If William called me in, he was worried about radiological contamination.  I looked at Mary’s papers, focusing on the circled items.  Most of them seemed like gibberish, lots of unrelated symbols.  They were all watching me expectantly, so I looked again, with my brain on full alert.  Shit, I must not be processing information very well.  Just minutes ago I’d passed over a line that should have triggered alarm bells: PU238-88, CS137-30, AM241-430, CO60-5.26, SR90-28.1.  It was a list of radioactive isotopes and half-lives, all byproducts of nuclear reactor fission, extremely deadly, and long-lived.

Samir noticed my reaction.  “Dylan has seen the light.”

“You think
Al Khalifa’s
carrying these?”  Port security had been a political football for decades.  There was always a lot of talk about it during election campaigns but no evidence that anything was done about it when the elections were over.
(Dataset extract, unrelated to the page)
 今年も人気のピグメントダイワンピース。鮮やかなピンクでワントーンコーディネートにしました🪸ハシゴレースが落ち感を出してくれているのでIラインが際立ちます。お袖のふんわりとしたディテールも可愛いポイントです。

“We’re not certain.”  Samir glanced at William, who nodded at him.  “Things have changed, Dylan.  We don’t publicize it, but we’ve been doing random sweeps of freighters entering the harbor for years.  We cast a broad net on a regular basis so they’ll think we’re just fishing, but it’s also a cover for taking an apparently innocent look at targets like
Al Khalifa
when Intelligence identifies them.”

“What do you have, exactly?”

“I went on board with the Border Patrol carrying a radiation detector.  It helped to know the language.”

“You’re kidding.  You mean they actually mark containers, ‘Illegal Radioactive Contraband’ in Arabic?”
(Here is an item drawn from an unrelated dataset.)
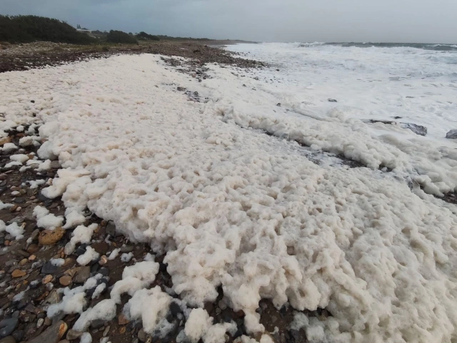Οι θυελλώδεις άνεμοι προκάλεσαν μανιασμένα κύματα, τα οποία ανατάραξαν τα νερά και μετέφεραν οργανική ύλη, όπως φυτοπλάγκτον, φύκια και αποσυντιθέμενα υλικά, προς την ακτή. Το αποτέλεσμα ήταν η δημιουργία λευκού αφρού που σκέπασε την παραλία, προκαλώντας εντύπωση σε κατοίκους και επισκέπτες.

“You’d be surprised what I can learn from a shipping label.  These guys are thorough and patient, but not always terribly creative.  They tend to follow predictable patterns like always using the same front companies to cover their activities. 

“I found traces of radioactivity on a container marked ‘Medical Supplies.’ There was even a radiation hazard sticker on it.  That’s not unreasonable because some of these isotopes are used to treat cancer.  It’s also not uncommon for slight leakage to occur, not dangerous, but enough to register on a good counter.”

“What made you suspicious?”

“The container was addressed to a hospital in Riyadh.”  He unrolled a map of the Arabian peninsula and the Mediterranean.  “Why would a ship carry potentially dangerous and sensitive cargo bound from Aden to Saudi Arabia, travel up the Red Sea through the Suez Canal, to Benghazi and Marseilles, and then across the Atlantic to New York? Why would you even put it on a ship?” 

He was right; it made no sense from any point of view.  Riyadh is landlocked, two hundred miles from the nearest port in Bahrain, and if the cargo was going there and then by truck to Riyadh, the ship would have gone in the other direction.  And even that dodged the question of what the cargo was doing in Aden in the first place.

“You’re sure the container was loaded in Aden?”

“According to the manifest it was.  We have a priority request in to Homeland Security to have the Coast Guard impound the ship.  We’ll have to move quickly to get the crew off before they can react, then get in and out as fast as possible.”

Identifying the substances Samir detected would be pretty routine, the same kind of thing I’d done working for NRC.  The trick was to keep our options open.  If we found something significant, we’d confiscate most of it, but try to make it look like we didn’t know it was there.  The best scenario would be to neutralize the threat and still be able to follow the containers to their destination.

William said, “Any questions?  Okay, then, stay loose and be ready to jump when I call you.”